Claimant states that he was not aware that timely and proper claims were not filed on his behalf until Bressler was disbarred. Although a copy of a newspaper article relating to his disbarment has been submitted (Villanueva Affirmation, Exhibit B), there is no date on the article, and neither Claimant nor his attorney provide information about when the disbarment occurred. Assuming, arguendo, that malfeasance by an attorney which misled a claimant can in some situations be an acceptable excuse for delay (see
Sessa v State of New York, 88 Misc 2d 454, 459-460 [Ct Cl 1976], affd 63 AD2d 334 [3d Dept 1978], affd 47 NY2d 976 [1979]); Flannery v State of New York, 91 Misc 2d 797, 801 [Ct Cl 1977]
), the fact that Claimant has not identified the time period during which he was misled makes it difficult for the Court to determine whether - or for how long - it may have excused his failure to act with respect to the events that took place in 2003.
The factors of notice, opportunity to investigate and potential prejudice to the Defendant are interrelated, and – accepting Claimant’s allegations as true for the purposes of this motion – the unusual circumstances presented here support a conclusion that the State was on notice of its error and the potential for a lawsuit at the time that the still-viable cause of action accrued, February 13, 2003. To have issued a second inaccurate warrant, which resulted in a second unauthorized arrest and imprisonment of the same person is surely rare enough, and troubling enough, that following the hearing at which the charges were dismissed, officials at the supervisory level would be well aware of the error and its implications. (See e.g.
Witko v State of New York, 212 AD2d 889 [3d Dept 1995] ; Powell v State of New York, 187 AD2d 848 [3d Dept 1992];
Espinal v State of New York
, 159 Misc 2d 1051 [Ct Cl 1993] [certain serious or unusual events provide both an opportunity and a motive for investigation].)

It does not appear that Claimant would have a remedy against any person or entity other than the State, and if he succeeds in proving his factual allegations, his claim will be meritorious by any standard.

Taking into account the six statutorily prescribed factors, the Court finds them to weigh in favor of granting the requested relief. Claimant therefore is directed to file and serve a claim that sets forth only the cause of action arising from the arrest and incarceration that allegedly occurred in 2003, and to do so in conformity with the requirements of Court of Claims Act §§ 10, 11 and 11-a within thirty (30) days of the date this Decision and Order is filed.

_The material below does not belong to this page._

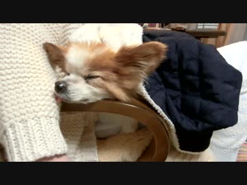 椅子のひじかけをあご枕にするワンコ(パピヨン)

Defendant’s motion is GRANTED and Claim No. 107730 is dismissed: Claimant’s motion DENIED insofar as it seeks permission to amend the original claim and GRANTED in part and DENIED in part insofar as it seeks permission to file an untimely claim.

April 11, 2006
Albany, New York

Judge of the Court of Claims

[1]. The dates used by counsel to identify these two claims are technically incorrect, as a cause of action for false imprisonment accrues when the complained-of confinement ends, not when it begins (Caminito v City of New York, 19 NY2d 931 [1967]; Schildhaus v City of New York, 17 NY2d 853 [1966]; 59 NY Jur 2d False Imprisonment § 125).
[2]. Claimant also seeks to amend the Claim’s caption to add the State of New York as a party, but that change, along with removal of the improperly-named Defendant, has already been accomplished by Decision and Order filed May 10, 2004.
[3]. Counsel for Defendant states several times that Claimant failed to submit a proposed claim or proposed amended claim (Arnold Affirmation in Opposition, ¶¶ 3, 8, 15) and therefore bases her argument that the content of the claim is insufficient on the admittedly-defective original claim. Defendant’s failure to address the subsequent proposed claim had no effect on the resolution of this motion, however.
[4]. The 90th day after February 13, 2003 was May 14, 2003. The original claim was filed with the Clerk of the Court on May 12, 2003 and served on the Attorney General on May 12, 2003.